Problem requirements -
Please print, exactly as written, the line containing "9月5日下午,计通学院党委书" and each line after it through the end of the material; pictures stay out.

Material for this task -
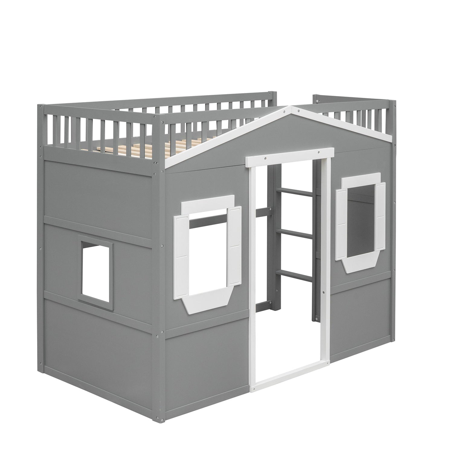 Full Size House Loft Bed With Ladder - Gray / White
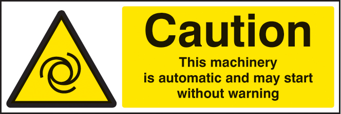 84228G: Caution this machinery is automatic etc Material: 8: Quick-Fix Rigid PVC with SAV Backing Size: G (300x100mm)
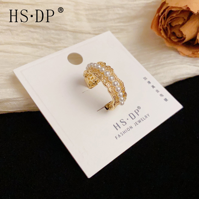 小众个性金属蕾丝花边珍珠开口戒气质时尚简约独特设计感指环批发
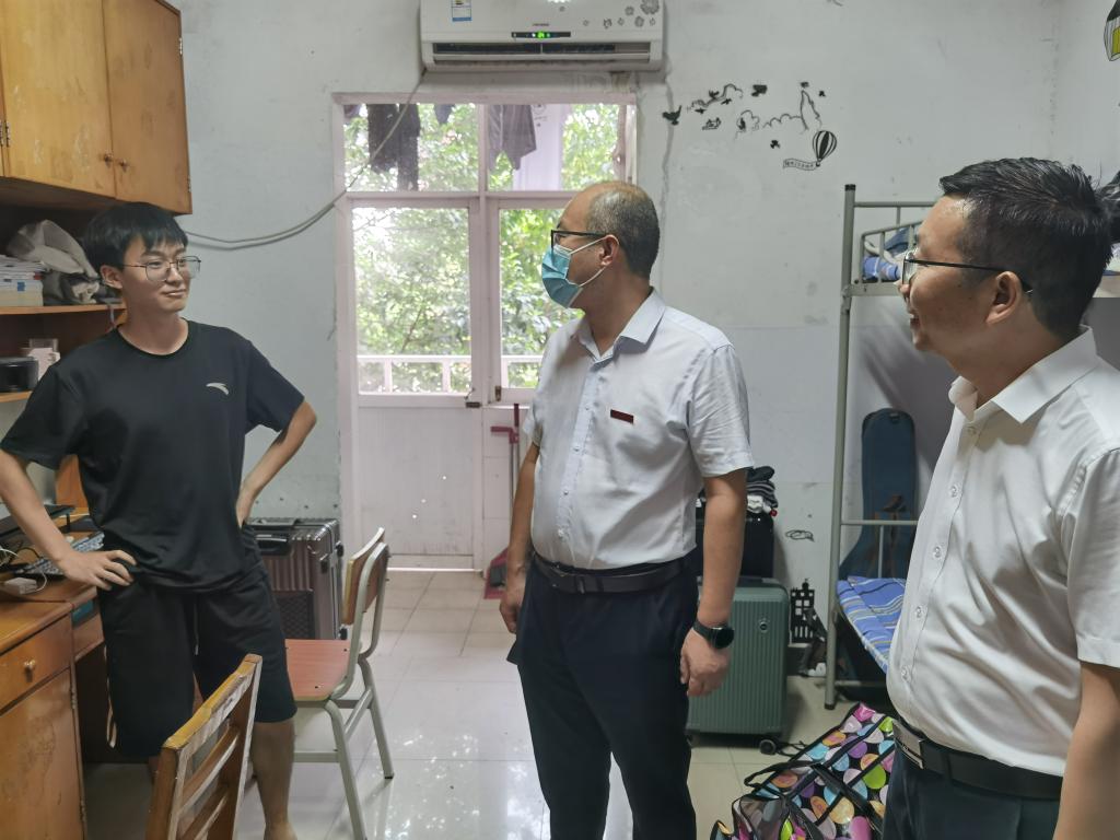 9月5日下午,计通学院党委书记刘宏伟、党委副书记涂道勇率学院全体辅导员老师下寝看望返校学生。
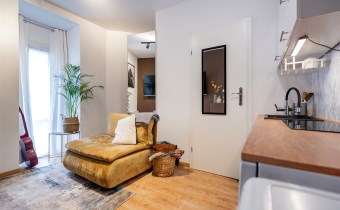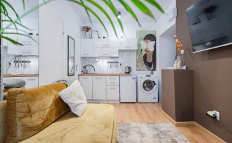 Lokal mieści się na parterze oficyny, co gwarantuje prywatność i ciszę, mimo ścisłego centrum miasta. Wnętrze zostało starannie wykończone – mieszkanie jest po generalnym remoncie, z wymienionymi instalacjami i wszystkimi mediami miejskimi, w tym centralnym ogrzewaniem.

Completed exercise -
 9月5日下午,计通学院党委书记刘宏伟、党委副书记涂道勇率学院全体辅导员老师下寝看望返校学生。
 Lokal mieści się na parterze oficyny, co gwarantuje prywatność i ciszę, mimo ścisłego centrum miasta. Wnętrze zostało starannie wykończone – mieszkanie jest po generalnym remoncie, z wymienionymi instalacjami i wszystkimi mediami miejskimi, w tym centralnym ogrzewaniem.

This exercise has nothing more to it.